It’s finally time to talk about the baddies and hazards you’ll face in Bleed 2’s Endless Mode — yay! First, some broad information:
An Endless Mode “run” is five levels long. To differentiate those levels and lend a sense of progression to each run, every level is tagged as a different “environment”, changing the chunks that are used to create it as well as the baddies and environmental hazards that appear!
So for example, in a level that’s a “lava” environment: when the level gets pieced together from random chunks, special lava-only “hazard” chunks are sprinkled into the mix — those chunks are built around lava-themed hazards like falling rocks and lava-spewing geysers. Throughout the level you’ll also see lava-themed baddies, like the flying and burrowing bugs from Bleed 1. It helps give levels their own identity!
Hazard chunks are used only by specific environments, but all the other chunk types are shared across all environments — so every chunk needs to spawn the right baddies for whatever environment they belong to. To accomplish this, chunks have generic enemy spawn types and spawn positions. So instead of saying “always make two flying bugs here”, it’s more like “make two flying enemies here,” and then it’s up to each environment to fill in the blanks with their unique baddies.

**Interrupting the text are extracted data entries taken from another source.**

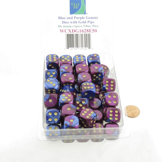 WCXDG1628E50 Blue Purple Gemini Dice Gold Pips D6 16mm Pack of 50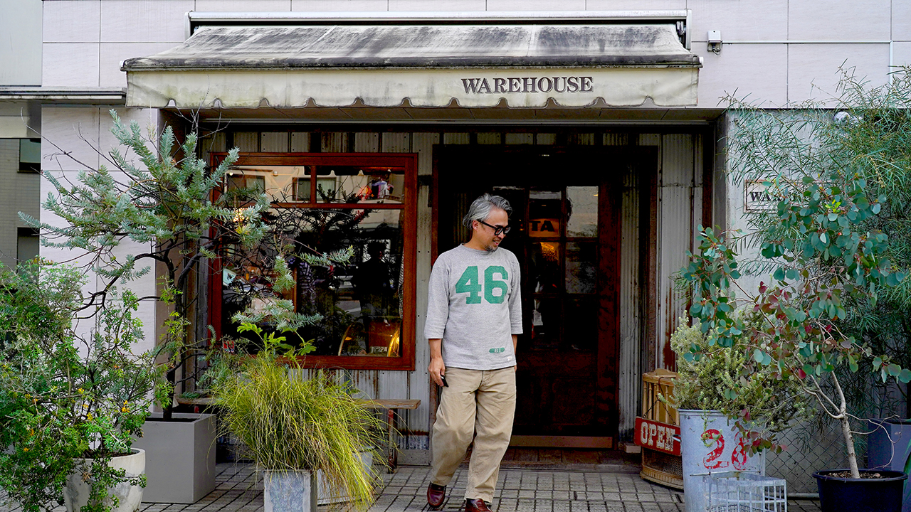 藤木さんが着ているのが、同じ緑色の顔料で染み込みプリントを施したウエアハウスのTシャツ。手前のTシャツと比べると経年の変化がよくわかります。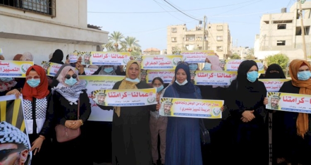 نظمت لجنة المرأة العاملة بمجلس العمال في محافظة خان يونس، وقفة احتجاجية بسبب التمييز الجغرافي الذي تمارسه حكومة رام الله مع عمال و عاملات قطاع غزة.
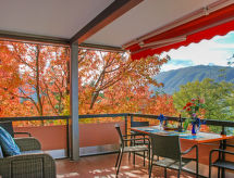 "App. 408", apt. di 3 locali 78 m2 al 4. piano, esposizione sud-ovest. Oggetto adatto a 2 adulti + 3 bambini. Spazioso e luminoso, arredamento moderno e di buon gusto: soggiorno/sala da pranzo aperto con finestra panoramica con tavolo da pranzo, TV (via cavo), schermo piatto, radio, CD, impianto stereo, climatizzazione e tapparelle elettriche. Uscita sul balcone. 1 camera matrimoniale con 1 letto doppio (2 x 90 cm, lunghezza 200 cm). Uscita sul balcone. 1 camera con 1 letto (90 cm, lunghezza 190 cm), 1 x 2 letti a castello (90 cm, lunghezza 200 cm). Uscita sul balcone. Cucina aperta (forno, lavastoviglie, 2 piastre cottura in vetroceramica, tostapane, bollitore elettrico, forno a microonde, macchina da caffè elettrica, capsule per la macchina da caffè (Dolce Gusto) extra, set per raclette, set per fondue (formaggio)). Bagno, WC separato. Riscaldamento. Grande balcone 12 m2, esposizione ovest e esposizione sud. Mobili da balcone, sedie a sdraio (1). Magnifica vista panoramica sul lago, sulle montagne, sulla piscina, sul paesaggio e sulla città. A disposizione: lavatrice (extra). Seggiolone, lettino per bimbi fino 2 anni (extra), asciugacapelli. Internet (wifi, gratis). Parcheggio vicino alla casa. Prego notare: appartamento per non fumatori. Allarme antifumo, estintore.- Strutture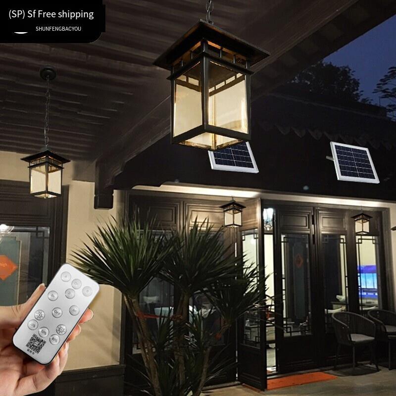 Solar Chandelier New Chinese Outdoor Waterproof Corridor Balcony Courtyard Lamp Outdoor Villa Aisle Induction Pavilion Lamp Solar Black Large Pavilion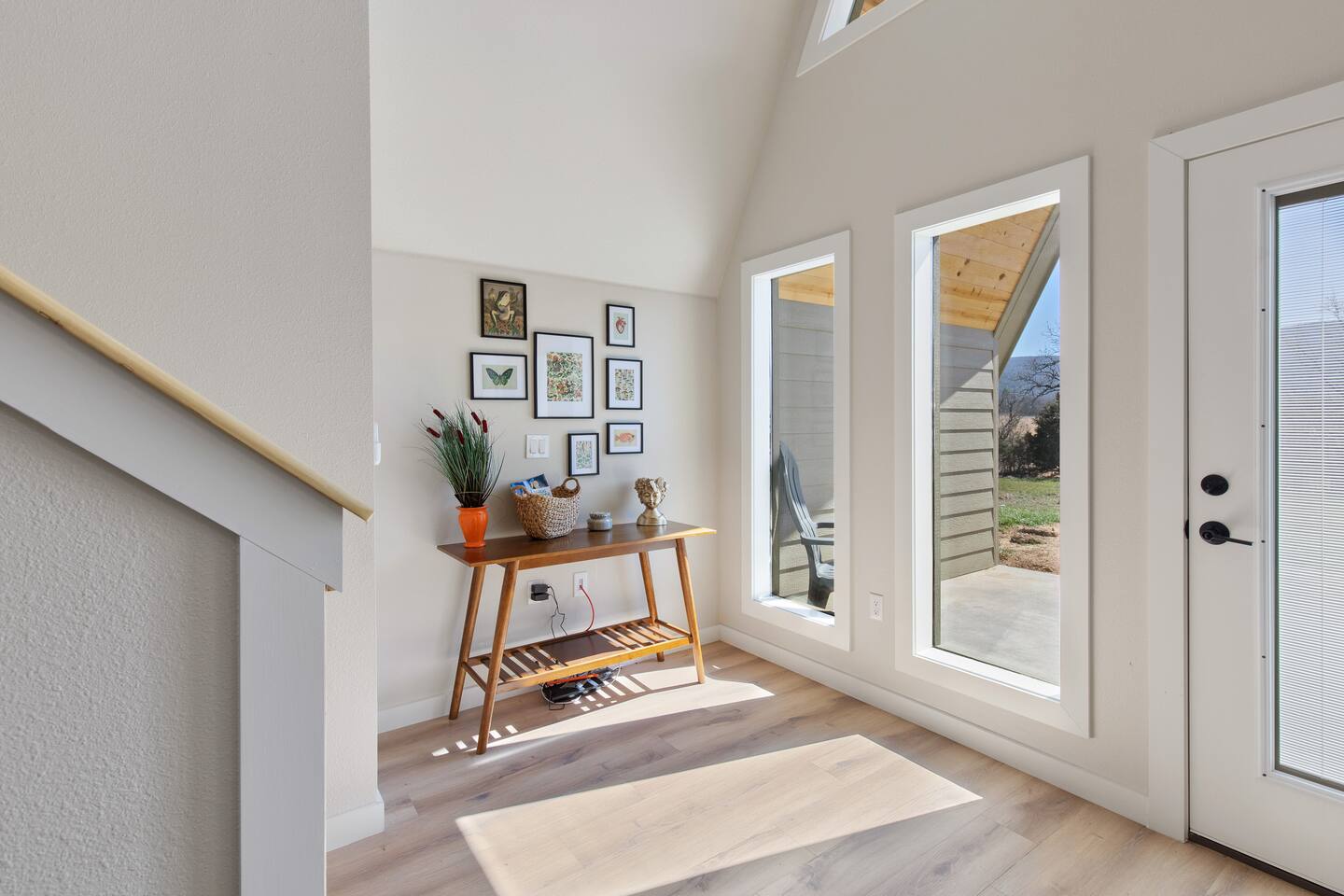 Welcome to our boho-chic A-frame, where rustic charm meets modern convenience, all framed by breathtaking mountain views. Our space is designed for relaxation and adventure, boasting an open-concept living area with vaulted ceilings and large windows that fill the room with natural light and the beauty of the surrounding nature.NOTE: There are two a-frames on the property. This a-frame is the one that sits the closest to the road. The living room invites you to unwind with a plush sofa with a queen sleeper, a selection of board games, and a smart TV for your entertainment. Step into our fully equipped kitchen, where you'll find everything you need to whip up a delicious meal, including modern appliances and a dining table perfect for four. Our A-frame features one lofted bedroom with a comfortable King-sized bed and soft linens, ensuring a restful night's sleep under the stars. The bathroom is stocked with all the toiletries and fluffy towels, offering a refreshing rain shower after a day of exploration. Outside, the covered patio provides the perfect setting for morning coffee or evening stargazing. Gather around the fire pit to roast marshmallows or just soak in the serene mountain views. There is also a camp-style charcoal grill as well. We want to ensure you have the best experience while staying with us, especially for those who appreciate the night sky. To keep light pollution to a minimum and enhance your stargazing opportunities, we've limited outdoor lighting to a motion-detected light covering the front door area. However, we understand the importance of visibility and safety, so we've provided flashlights and small LED lanterns for your convenience. Special amenities include high-speed Starlink Wi-Fi to keep you connected. Plus, enjoy the convenience of onsite parking, not only for your vehicle but if you have an ATV or a boat we have space to accommodate that as well. Since we are located in the heart of nature we don't allow pets. We do this for their safety and the safety of the surrounding animals that call the back forty their home. You might see deer, turkeys, and on rare occasions a bear or bald eagle. ( Note: We have only seen bear tracks once, just FYI) Along with nature comes some bugs as well. Back Forty A-Frames is more than just a place to stay—it's a peaceful retreat where you can truly connect with nature and each other. Bug spray and sunscreen are recommended. We provide a fully equipped kitchen (starter set of pots/pans, plates & cutlery, drinking glasses, cooking utensils, coffee maker, Coffee, standard appliances, salt/pepper/cooking oil, paper towels, foil) so be sure to pack your favorite foods/drinks. All bathroom toiletries are provided including bath towels, shampoo, conditioner, body wash, and toilet paper. Linens and bedding. Grills are charcoal, so bring a bag with you. There are piles of cleared wood that can be used in the firepit, please only use that wood or wood you have purchased in the firepits. Fires are not allowed if the county is in aa burn ban. NO PETS OR EXTRA PEOPLE OVER MAX ALLOWED **Additional supplies can be purchased at local supermarkets. Our cabins are for short-term rental use only therefore, if an item is not listed above, please assume it is not provided.

So for example, above, you can see the same chunk used two different ways. One uses Kitties and Lil’ Guppies, the other one is mirrored and uses turret Invaders and organic spores. Every enemy spawn has to factor if the chunk its in is mirrored and the direction it’s mean to be traversed, so that enemies can be placed facing and aiming the right way. Spawn positions are also semi-randomized — I over-loaded each chunk with tons of enemy spawns, but only a certain number will be randomly used, depending on the difficulty level (and never all of them at once.) So it’s kinda hand-crafted, and kinda random, too!
Every enemy also gets assigned a random reflect colour (purple or yellow.) On easier difficulties more reflectable enemies appear, but of course on harder difficulties it’s closer to an even mix. Finally, in the case of Invader enemies (who appear through all levels) they even get randomly-chosen weapons! I tried to mix things up as much as I could. Finally, the environmental hazards have a chance of spawning in standard (non-hazard) chunks too — and that chance increases the farther into a run you get.
Here’s the same chunk as above, but in different environments, and with environmental hazards randomly spawned in — a lava-spewing geyser in one, and a vent dripping out those physics bubbles from the warship in another.
A couple last notes: I hoped to include Endless Mode in the PC launch, so Joonas was kind enough to make sounds back then for all the baddies and hazards I had planned! Now that it’s actually happening, I can finally use the sounds he made — and they’re all fantastic! You should also see the giant enemy sprite sheet the game uses now. That thing is packed to bursting!
Also, if you get far enough into a run, you may find yourself in a hybrid environment…!! Levels can be marked as multiple environments– they just randomly use baddies, hazards and chunks from both environments. I’ll let you discover what that looks like on your own!
Lastly, yeah, if you’re wondering, all environments use the ‘virtual reality’ looking tileset, no matter which environment it is. The colours shift and change between levels, so there’s that…! I had big deams of a unique tileset per environment, but that would have multiplied the workload by literally 6-10 times. Not something I want (or can afford) to spend the next year working on, so it got cut.